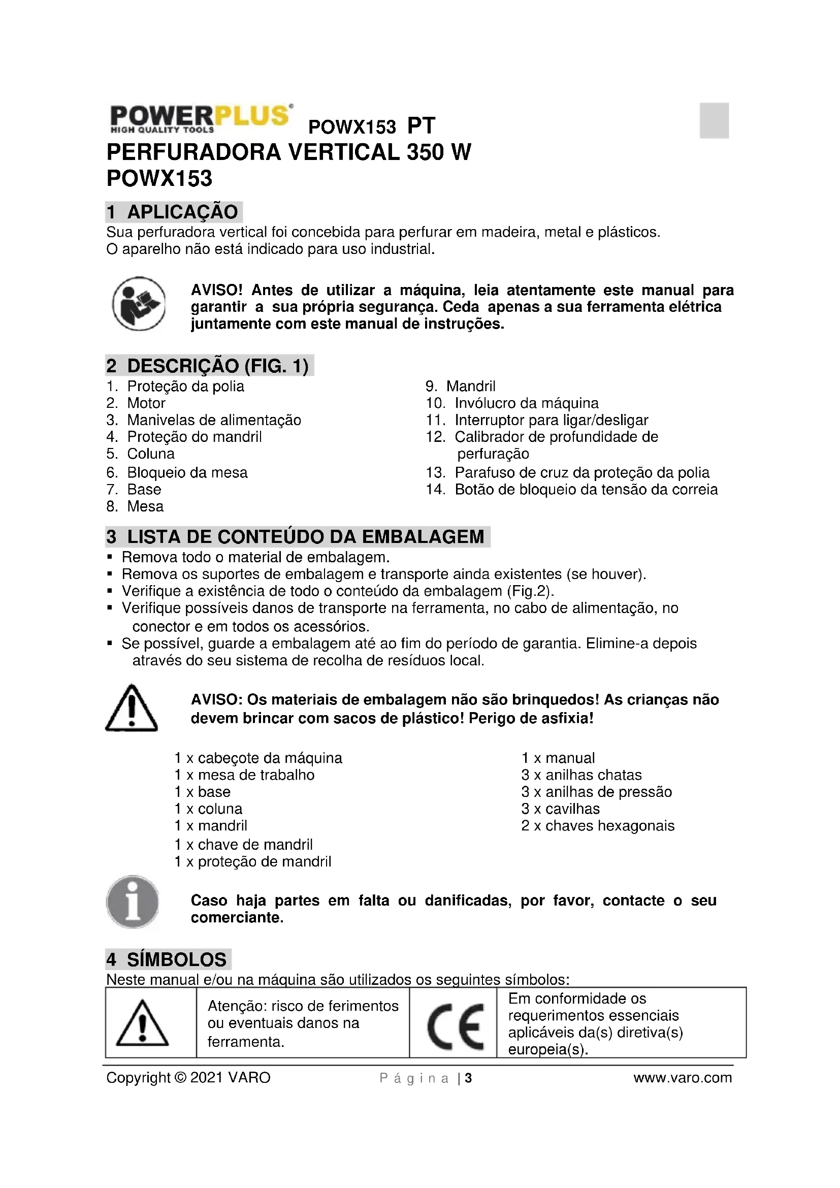 - VARO N.V. –Vic. Van Rompuy N.V.- Joseph Van Instraat 9 – BE2500 Lier – Bélgica, declara que, Designação do aparelho: Perfuradora vertical 350 W Marca: POWERplus Modelo nº.: POWX153 se encontra em conformidade com os requisitos essenciais e outras provisões relevantes das Diretivas Comunitárias aplicáveis, com base na aplicação das normas Europeias harmonizadas. Qualquer alteração não autorizada do equipamento anula esta declaração. Diretivas Europeias (incluindo, se aplicável, as respetivas emendas até à data de assinatura): 2011/65/EU 2006/42/EC 2014/30/EU Normas Europeias harmonizadas (incluindo, se aplicável, as respetivas emendas até à data de assinatura): EN62841-1 : 2015 EN62841-3-13 : 2017 EN55014-1 : 2017 EN55014-2 : 2015 EN61000-3-2 : 2014 EN61000-3-3 : 2013 Detentor da Documentação Técnica: Philippe Vankerkhove, VARO – Vic. Van Rompuy N.V. O signatário atua em nome da administração da empresa, Philippe Vankerkhove Assuntos Regulamentares – Gestor de Conformidade 21/01/2021, Lier - BelgiumPOWX153 NO Copyright © 2021 VARO Side | 1 www.varo.com 1 BRUKSOMRÅDE p. 3
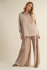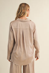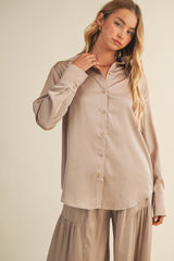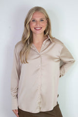 Slip into the Valentina Silky Button Down Top in Champagne for a touch of effortless chic. Its silky feel and oversized fit keep things cozy, while the classic collar and long sleeves add a polished twist. Perfect for lounging or layering, this playful top brings comfy style to any day!
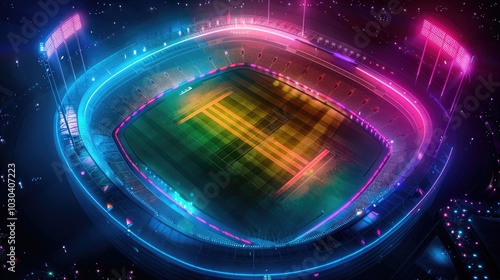 Stadaunton rectangular cricket stadium, lights on the stands and field, view from above, bright colors,
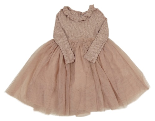 Staroružové melírované rebrované úpletovo/tylové šaty so trblietkami a volánikom PRIMARK
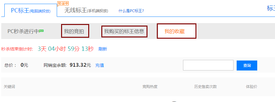 先进入网销宝页面,然后点击标王,再进入如图11-2的页面。
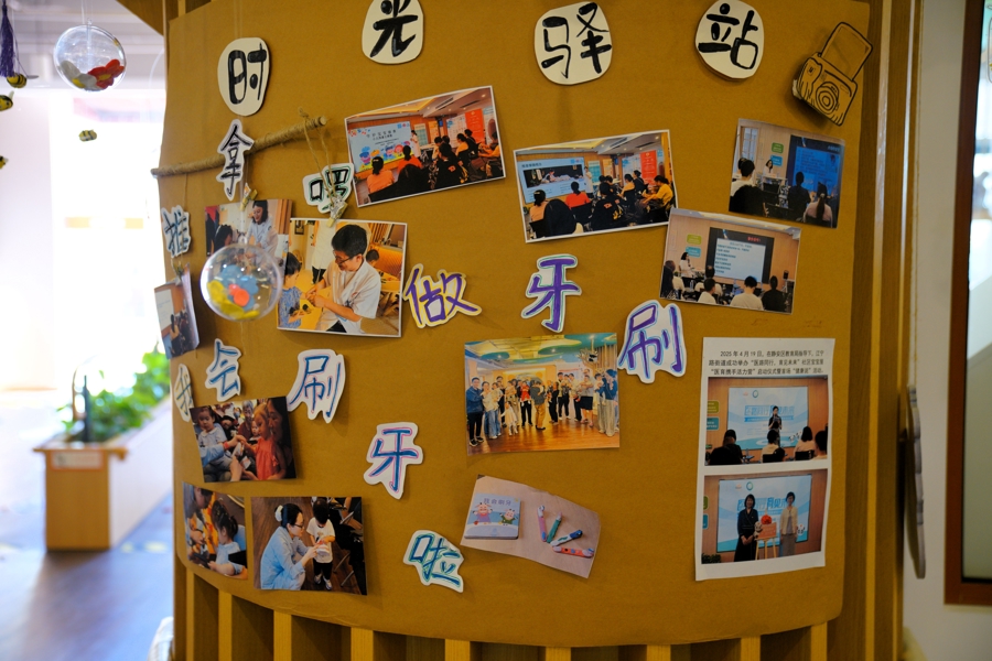 静安区江宁路街道社区综合为老服务中心二楼,宝宝屋门口贴着很多活动照片。(李相如摄)
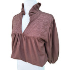 Meet our Double Chocolate Linen Tailgater Blouse — crafted from a breezy cotton-linen blend in chocolate brown, adorned with delicate matching embroidery. This ruffled collar and flirty v-neck is a wardrobe essential. With its easygoing style and perfect lightweight linen, it’s a fall favorite in southern weather!
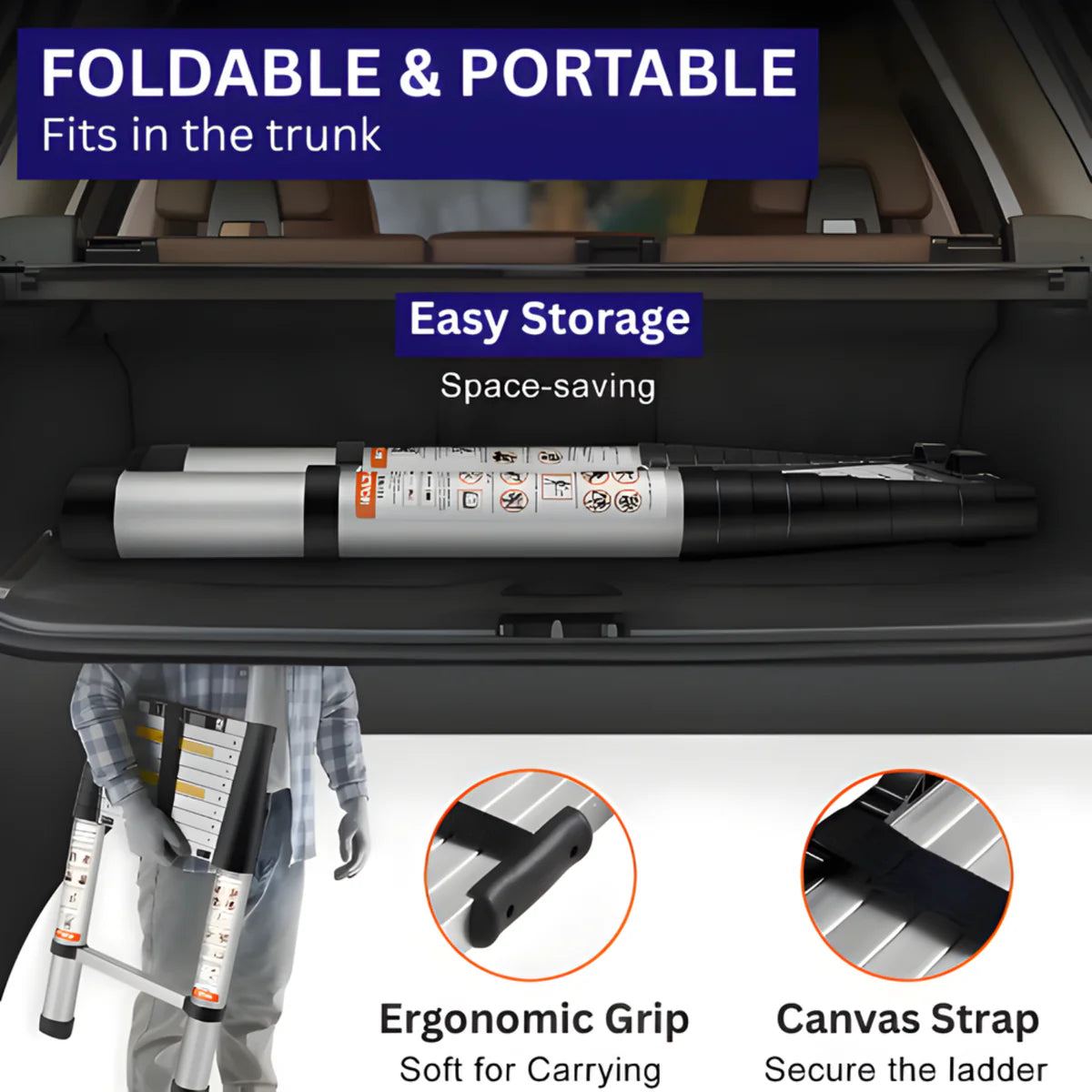 Jest lekka i łatwa do przenoszenia. Dzięki lekkiej konstrukcji także kobiety mogą ją bez problemu nosić. Można ją umieścić niemal wszędzie, w tym pod sofą, za drzwiami lub w bagażniku samochodu. Jest bardziej przenośna i zajmuje mniej miejsca niż tradycyjne, nieporęczne drabiny.
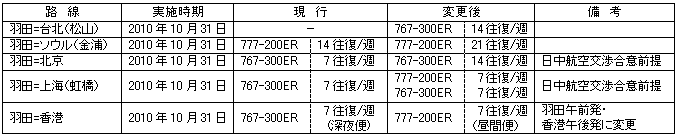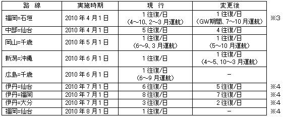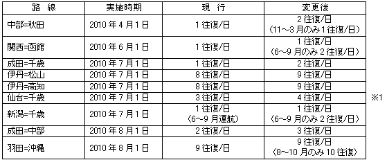8月1日(日)から10月31日(日)の間、羽田=沖縄線を増便いたします。また、増枠に伴う羽田発着枠配分時点(現時点では2011年4月を想定)において、羽田=徳島線の再開を計画いたします。 |
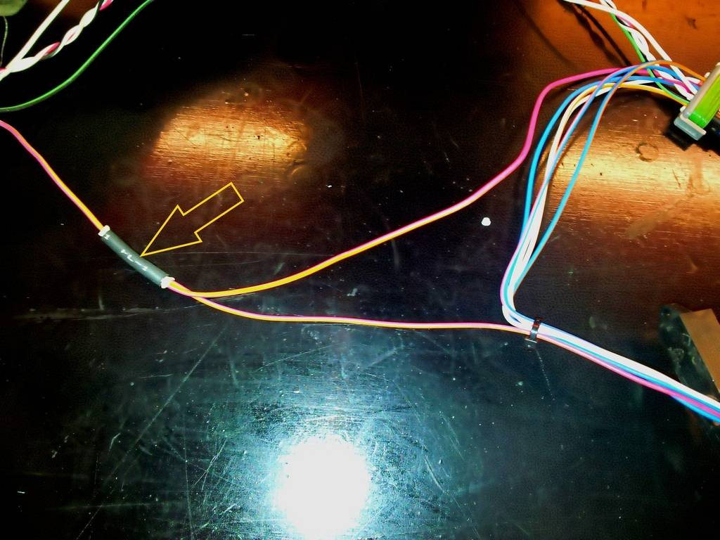 First the speedo loom as it comes on a 2014 and later Canbus model Sportster Now with the outer conduit removed……the cable ties were put on by me to keep the shape of the wiring Wiring separation between speedometer connector and instrument tell tale light cluster The arrow signifies where there is a solder join on the red/orange 12volt power wire going to both the speedometer connector to power the circuit and also to the light cluster to provide power to the circuit board and LEDs.
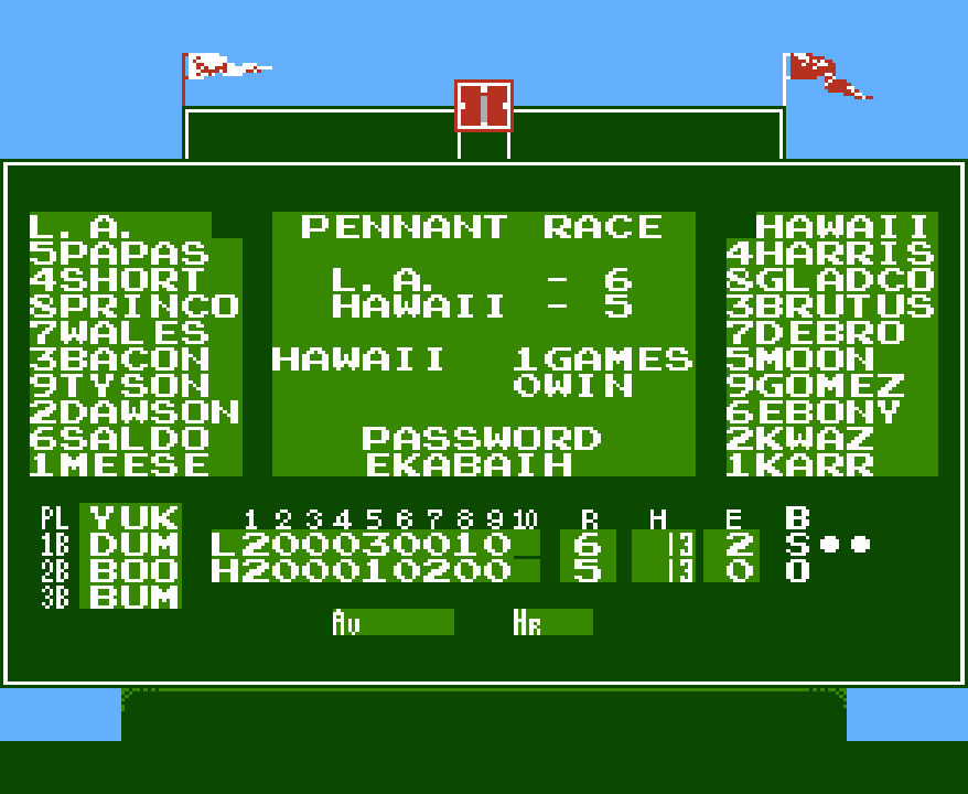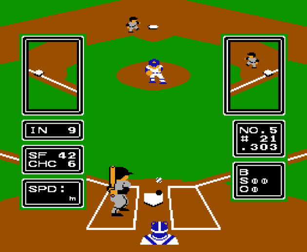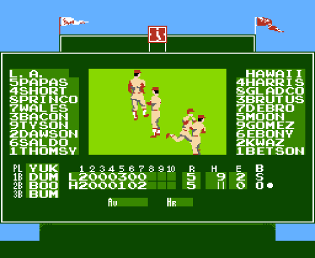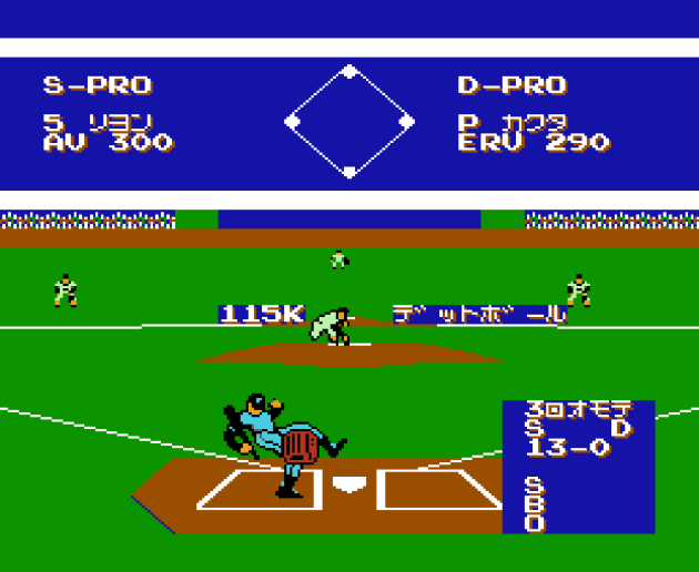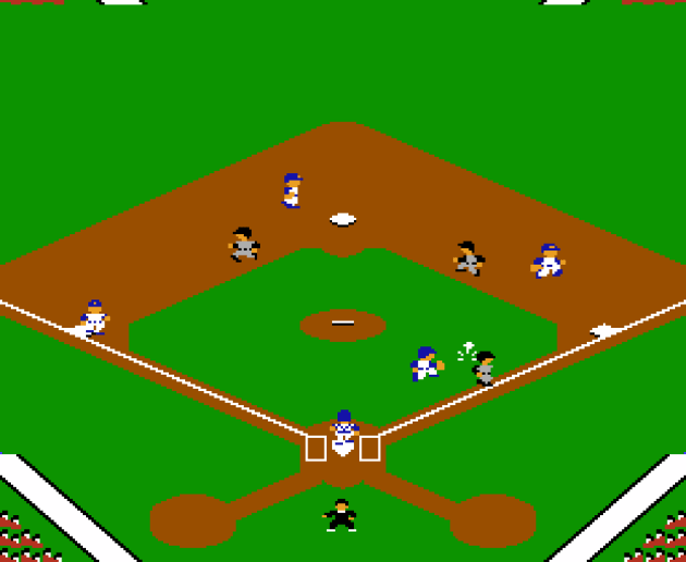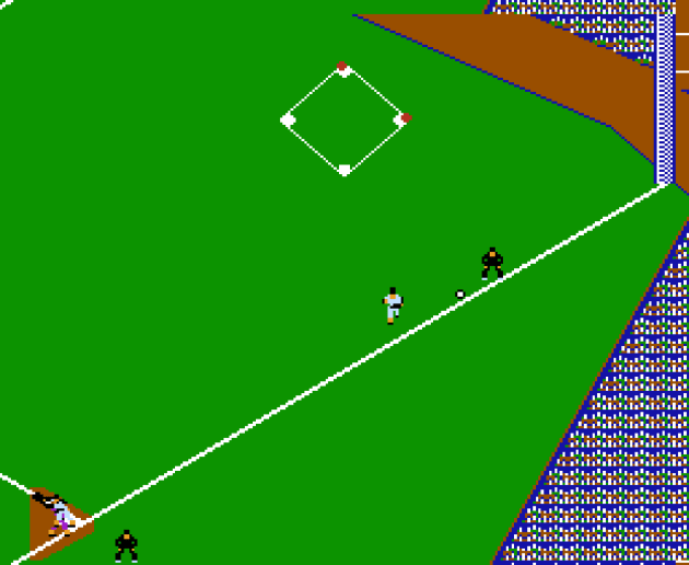 Unlike other games where you just have to align a player sprite with the ball sprite and the player sprite takes possession of the ball, here, you have to press buttons to do everything. Buttons presses to pick up the ball. Button presses to throw the ball, and another button for the basemen to catch the ball. So throwing out a chopper to the shortstop requires you to (1) move towards the ball (2) press the A button when the ball is near you to catch the ball (3) hold left and press the A button to throw to first base (4) press the B button to catch the ball with the basemen. This is double the steps of any previous baseball game I’ve reviewed, which is normally just (1) move to the ball until it touches your player (2) hold left and press the throw button.
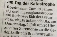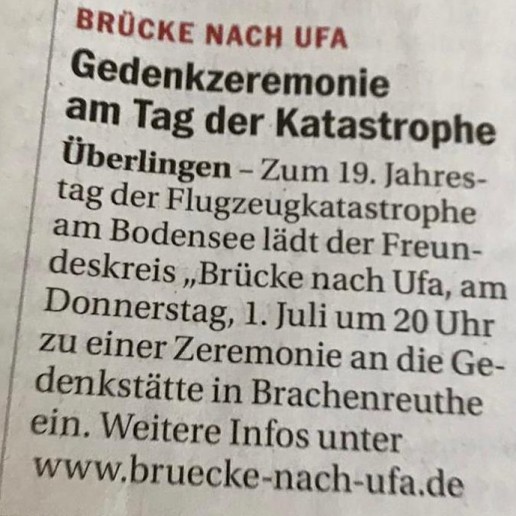 в ночь с 1 на 2 июля 2002 года в небе над Боденским озером столкнулись два самолёта — пассажирский лайнер «Башкирских авиалиний» и грузовой Boeing. В результате катастрофы погиб 71 человек, из них — 52 ребёнка.
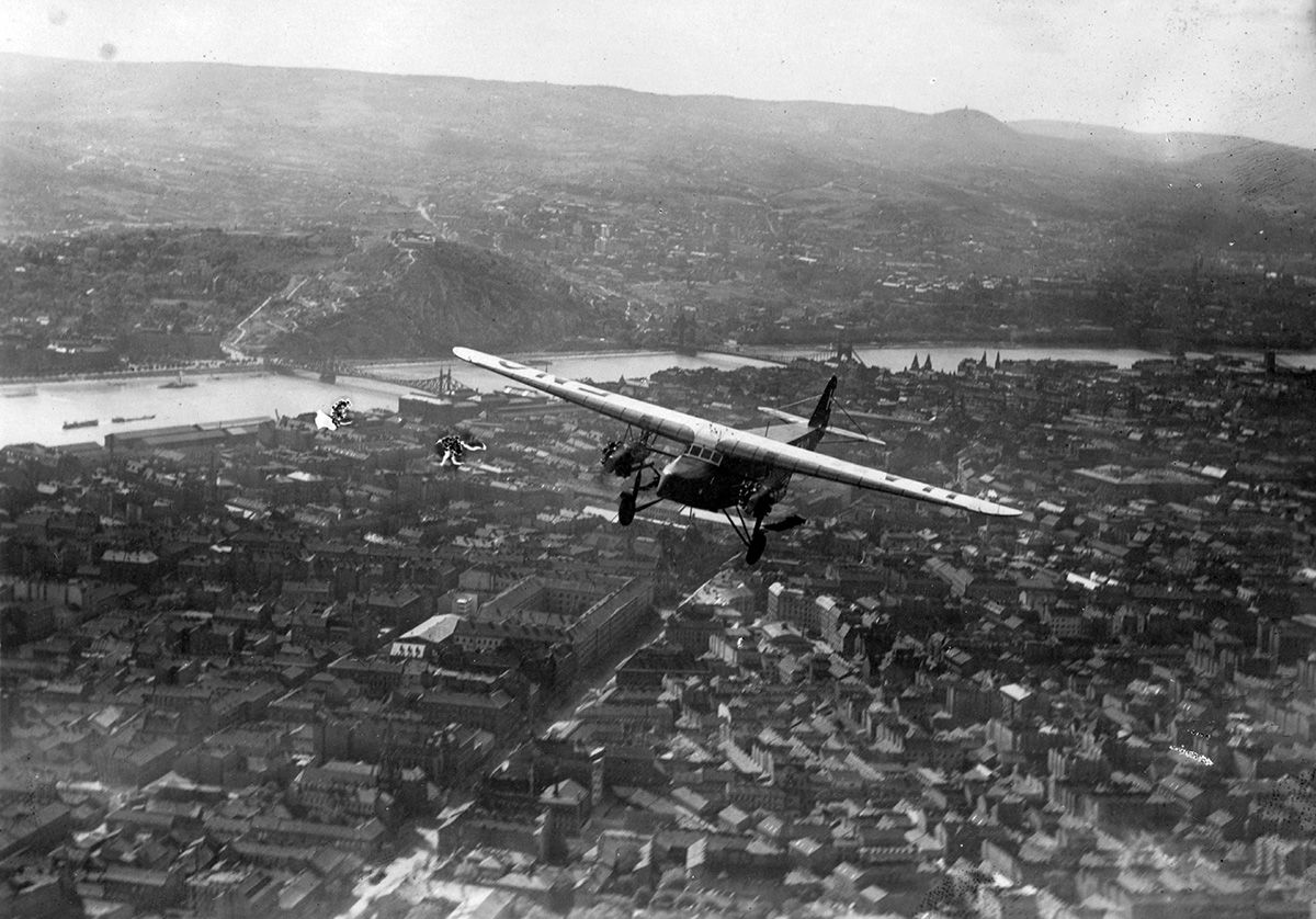 A Fortepan 1935-ös képén egy magyar gyártású Fokker F-VIIIB repül el az Üllői út felett.

···

All of the listing should be transcribed exactly, but none of its images.

Solution for this task:
 - VARO N.V. –Vic. Van Rompuy N.V.- Joseph Van Instraat 9 – BE2500 Lier – Bélgica, declara que, Designação do aparelho: Perfuradora vertical 350 W Marca: POWERplus Modelo nº.: POWX153 se encontra em conformidade com os requisitos essenciais e outras provisões relevantes das Diretivas Comunitárias aplicáveis, com base na aplicação das normas Europeias harmonizadas. Qualquer alteração não autorizada do equipamento anula esta declaração. Diretivas Europeias (incluindo, se aplicável, as respetivas emendas até à data de assinatura): 2011/65/EU 2006/42/EC 2014/30/EU Normas Europeias harmonizadas (incluindo, se aplicável, as respetivas emendas até à data de assinatura): EN62841-1 : 2015 EN62841-3-13 : 2017 EN55014-1 : 2017 EN55014-2 : 2015 EN61000-3-2 : 2014 EN61000-3-3 : 2013 Detentor da Documentação Técnica: Philippe Vankerkhove, VARO – Vic. Van Rompuy N.V. O signatário atua em nome da administração da empresa, Philippe Vankerkhove Assuntos Regulamentares – Gestor de Conformidade 21/01/2021, Lier - BelgiumPOWX153 NO Copyright © 2021 VARO Side | 1 www.varo.com 1 BRUKSOMRÅDE p. 3
 Slip into the Valentina Silky Button Down Top in Champagne for a touch of effortless chic. Its silky feel and oversized fit keep things cozy, while the classic collar and long sleeves add a polished twist. Perfect for lounging or layering, this playful top brings comfy style to any day!
 Stadaunton rectangular cricket stadium, lights on the stands and field, view from above, bright colors,
 Staroružové melírované rebrované úpletovo/tylové šaty so trblietkami a volánikom PRIMARK
 先进入网销宝页面,然后点击标王,再进入如图11-2的页面。
 静安区江宁路街道社区综合为老服务中心二楼,宝宝屋门口贴着很多活动照片。(李相如摄)
 Meet our Double Chocolate Linen Tailgater Blouse — crafted from a breezy cotton-linen blend in chocolate brown, adorned with delicate matching embroidery. This ruffled collar and flirty v-neck is a wardrobe essential. With its easygoing style and perfect lightweight linen, it’s a fall favorite in southern weather!
 Jest lekka i łatwa do przenoszenia. Dzięki lekkiej konstrukcji także kobiety mogą ją bez problemu nosić. Można ją umieścić niemal wszędzie, w tym pod sofą, za drzwiami lub w bagażniku samochodu. Jest bardziej przenośna i zajmuje mniej miejsca niż tradycyjne, nieporęczne drabiny.
8月1日(日)から10月31日(日)の間、羽田=沖縄線を増便いたします。また、増枠に伴う羽田発着枠配分時点(現時点では2011年4月を想定)において、羽田=徳島線の再開を計画いたします。 |
 First the speedo loom as it comes on a 2014 and later Canbus model Sportster Now with the outer conduit removed……the cable ties were put on by me to keep the shape of the wiring Wiring separation between speedometer connector and instrument tell tale light cluster The arrow signifies where there is a solder join on the red/orange 12volt power wire going to both the speedometer connector to power the circuit and also to the light cluster to provide power to the circuit board and LEDs.
 Unlike other games where you just have to align a player sprite with the ball sprite and the player sprite takes possession of the ball, here, you have to press buttons to do everything. Buttons presses to pick up the ball. Button presses to throw the ball, and another button for the basemen to catch the ball. So throwing out a chopper to the shortstop requires you to (1) move towards the ball (2) press the A button when the ball is near you to catch the ball (3) hold left and press the A button to throw to first base (4) press the B button to catch the ball with the basemen. This is double the steps of any previous baseball game I’ve reviewed, which is normally just (1) move to the ball until it touches your player (2) hold left and press the throw button.
 в ночь с 1 на 2 июля 2002 года в небе над Боденским озером столкнулись два самолёта — пассажирский лайнер «Башкирских авиалиний» и грузовой Boeing. В результате катастрофы погиб 71 человек, из них — 52 ребёнка.
 A Fortepan 1935-ös képén egy magyar gyártású Fokker F-VIIIB repül el az Üllői út felett.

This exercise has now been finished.